Em conformidade ao previsto no artigo 306 do CTB, mediante o resultado do teste igual ou superior a 0.34mg/l o condutor incorrerá em crime de trânsito, com pena de detenção de seis meses a três anos, cumuladas com a aplicação das penalidades administrativas.
Mas, no entanto, se o motorista estiver com sinais visíveis de embriaguez – como odor de álcool no hálito, olhos avermelhados, dificuldade de equilíbrio, fala alterada, entre outros – e recusar-se a soprar o bafômetro ou a submeter-se a qualquer outro exame, ele, ainda assim, poderá ser conduzido à delegacia e sofrer as sanções pertinentes com base em prova testemunhal, e/ou em filmagens ou fotografias.
Seja qual for a quantidade de álcool constatada no exame de sangue, isso já configura já torna o condutor passível das penalidades administrativas; todavia para caracterizar o crime previsto no artigo 306 do CTB a quantidade mínima necessária continua a mesma, ou seja, 6 decigramas de álcool por litro de sangue (dg/l).

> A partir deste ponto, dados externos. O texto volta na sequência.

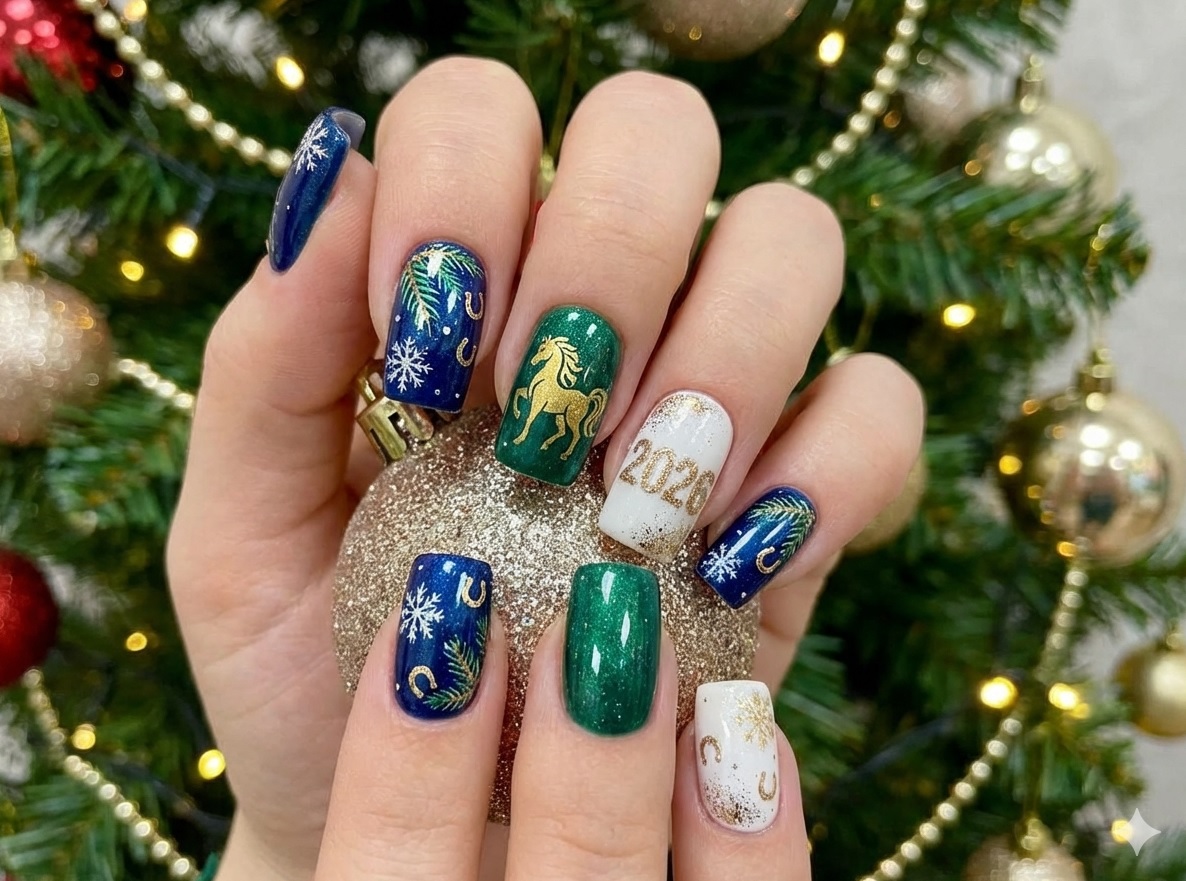 При выборе новогоднего маникюра учитывайте общий образ и наряд. Яркий красный маникюр с золотом подойдет к платьям нейтральных оттенков, а более сдержанный дизайн с блестками дополнит насыщенный праздничный наряд. Огненная Лошадь ценит все яркое, но натуральное, поэтому баланс между декором и элегантностью важен.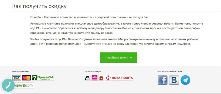 Работа Интернет-магазина с представителями корпоративного бизнеса организована по правилам «потока». Предоставляя определенный уровень скидок корпоративным заказчикам и посредникам, специалисты Всеукраинской сети типография «Вольф», в свою очередь, ожидают от клиентов грамотной подготовки макетов. Взаимодействие с клиентами сегмента В2В происходит, как правило, исключительно онлайн, а офлайн поддержка сведена к минимуму (принцип Web-to-Print – в действии!).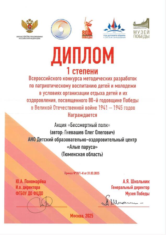 Диплом 1 степени - Акция «Бессмертный полк» , автор Гневашев Олег Олегович, АНО ДООЦ «Алые паруса»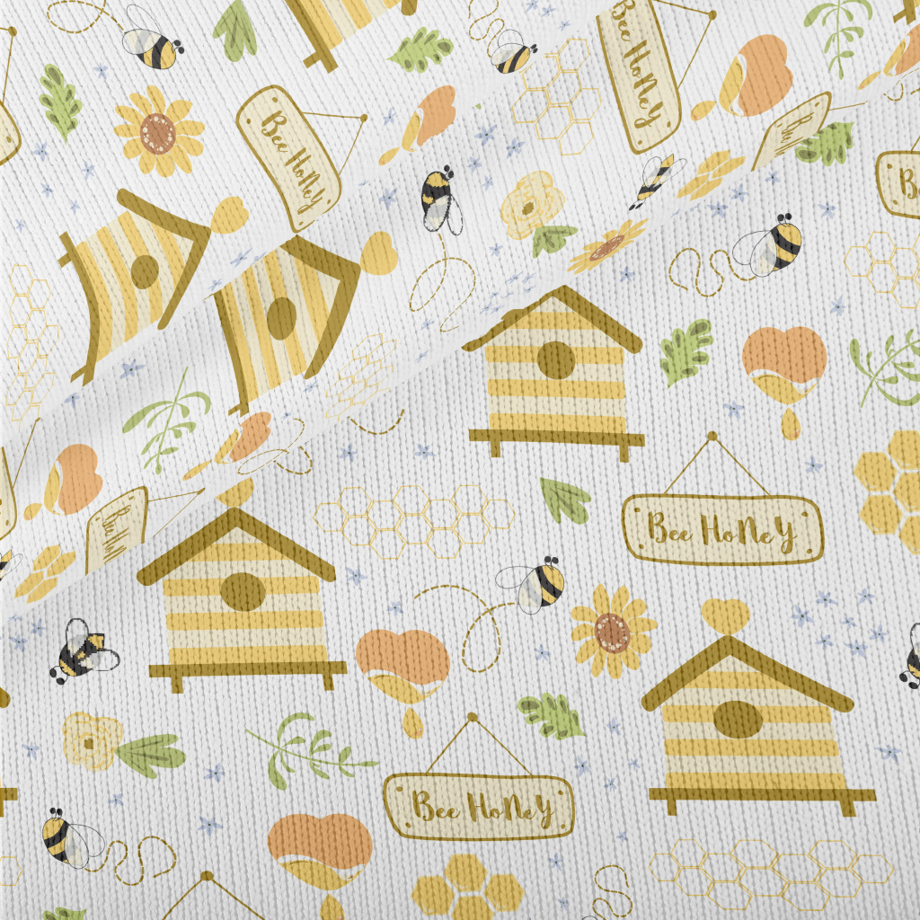 圓滾可愛的采蜜蜂仿毛衣布(幅寬150公分)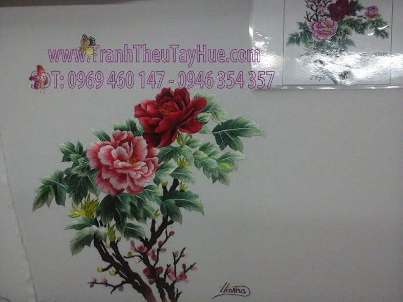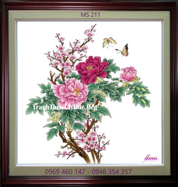 Tên tác phẩm: Tranh thêu hoa mẫu đơn MS 211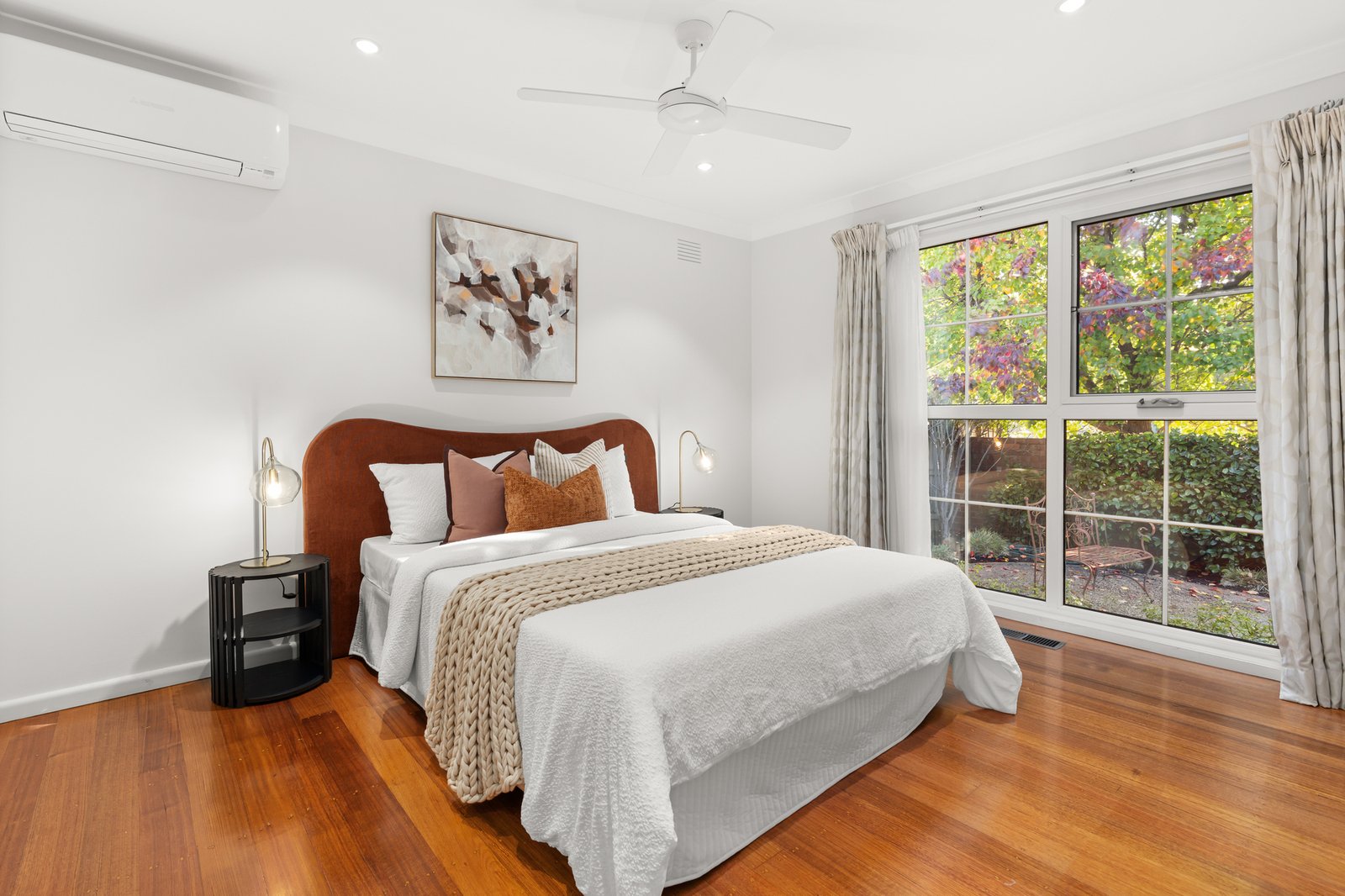 Warm timber flooring, abundant natural light, multiple split-system heating and cooling units, ceiling fans and a thoughtful floorplan all enhance day-to-day comfort, while the double lock-up garage adds valuable secure parking and storage.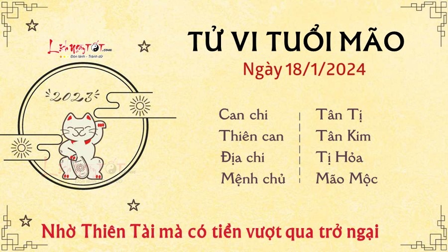 Nhờ có Thiên Tài mà con giáp tuổi Mão có sẵn tiền, vượt qua được những trở ngại trước mắt trong gang tấc. Tuy thế cũng không được chủ quan, bạn luôn cần có những biện pháp an toàn, tối ưu nhất cho mình nhé.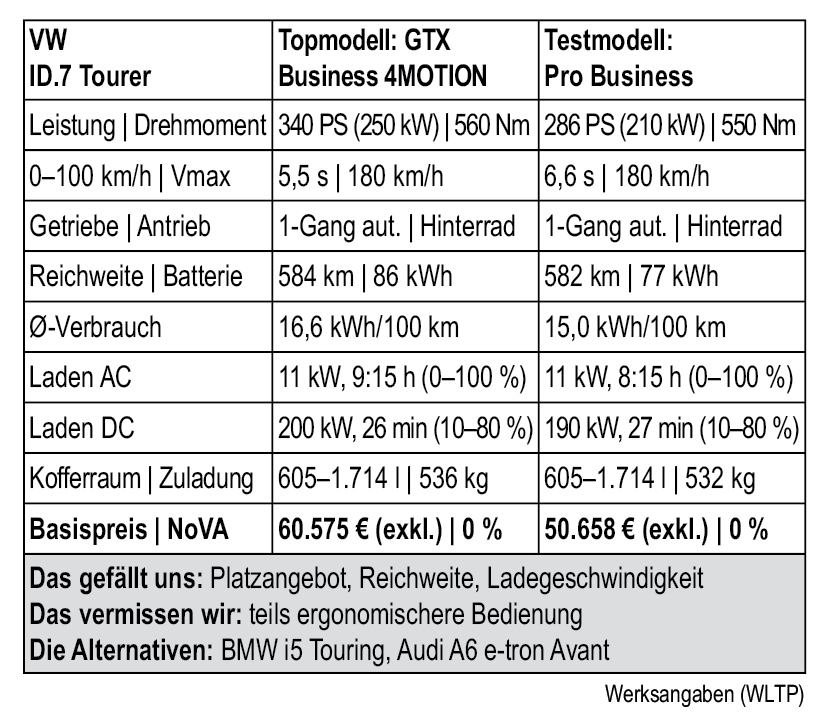 In Sachen Reichweite gibt sich der ID.7 Tourer Pro erfreulicherweise keine Blöße, unsere Normrunde absolvierte er mit einem Durchschnittsverbrauch von lediglich 18 kWh, im Alltag kommt man mit rund 18 kWh über die Runden, was einer Reichweite von circa 420 Kilometern entspricht. Beim Laden sind AC elf kW Standard, in 8:15 Stunden ist der Akku an einer herkömmlichen Wallbox somit wieder gefüllt. Am Schnelllader nimmt der VW bis zu 190 kW auf, zehn auf 80 Prozent sind damit in 27 Minuten erledigt. Schnäppchen ist der ID.7 Tourer wie eingangs erwähnt keines, in Anbetracht des Gebotenen ist der Einstiegspreis von 50.658 Euro netto aber in Ordnung. Erfreulich: fünf Jahre Garantie bis 100.000 Kilometer auf das Fahrzeug, acht Jahre beziehungsweise 160.000 Kilometer auf den Akku.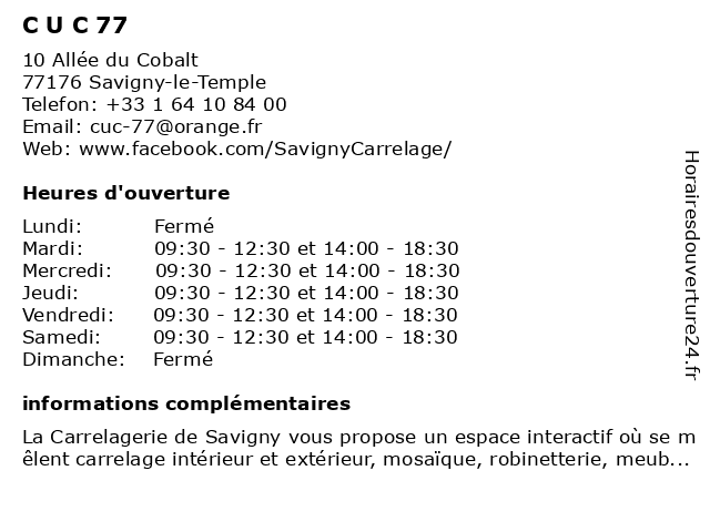 | Samedi | 09:30-12:30 et 14:00-18:30 |

Nesse sentido, surge uma discussão entre a doutrina e a jurisprudência, quanto a possível violação constitucional do texto legal, em relação ao direito do acusado em não produzir provas contra si mesmo, cujo fundamento encontra-se no princípio nemo tenetur se detegere.
Ressalte-se que, em audiência pública sobre a Lei Seca, realizada no Supremo Tribunal Federal (STF), em 13 e 14 de maio/2012, a maioria dos especialistas, parlamentares e pesquisadores consultados pelo Tribunal posicionou-se favorável à manutenção dessa premissa.¹
Nesse diapasão, o próprio relator da Ação Direta de Inconstitucionalidade 4103 – o ministro Luiz Fux –, expressou-se favorável à obrigatoriedade do bafômetro, justificando que:
Ficou bastante claro que é absolutamente impossível esse binômio álcool e condução de veículo. Ficou também patente que não há critério seguro de alcoolemia e, em terceiro lugar, que é importantíssimo que o teste de bafômetro deve ser obrigatório sob pena de se cometer uma desobediência, porque ele tem caráter preventivo muito importante. (PARREIRA, 2012, p. 1)
Em 1º de novembro de 2014 entrou em vigor a Lei n.º 12.971/2014, que altera no texto da Lei n.º 9503/97 (Código de Trânsito Brasileiro – CTB), que estipulou multas mais altas para as infrações de trânsito e maior rigor nos casos de crimes de trânsito. Assim, a partir dessa data, a punição administrativa para quem dirige sob efeito de álcool, por exemplo, passou de R$ 957,70 para R$ 1.915,40, podendo este valor ser dobrado no caso de reincidência em período de até um ano. Há também a previsão de suspensão do direito de dirigir por um ano e retenção do veículo.
Embora previsto em lei que o trânsito seguro é um direito de todos e dever das autoridades de trânsito, existem pessoas que insistem na ingestão de bebidas alcoólicas antes de dirigir veículo automotor, ameaçando a integridade física de tantos outros, muitas vezes provocando acidentes, que acabam ceifando vidas ou deixando muitos mutilados.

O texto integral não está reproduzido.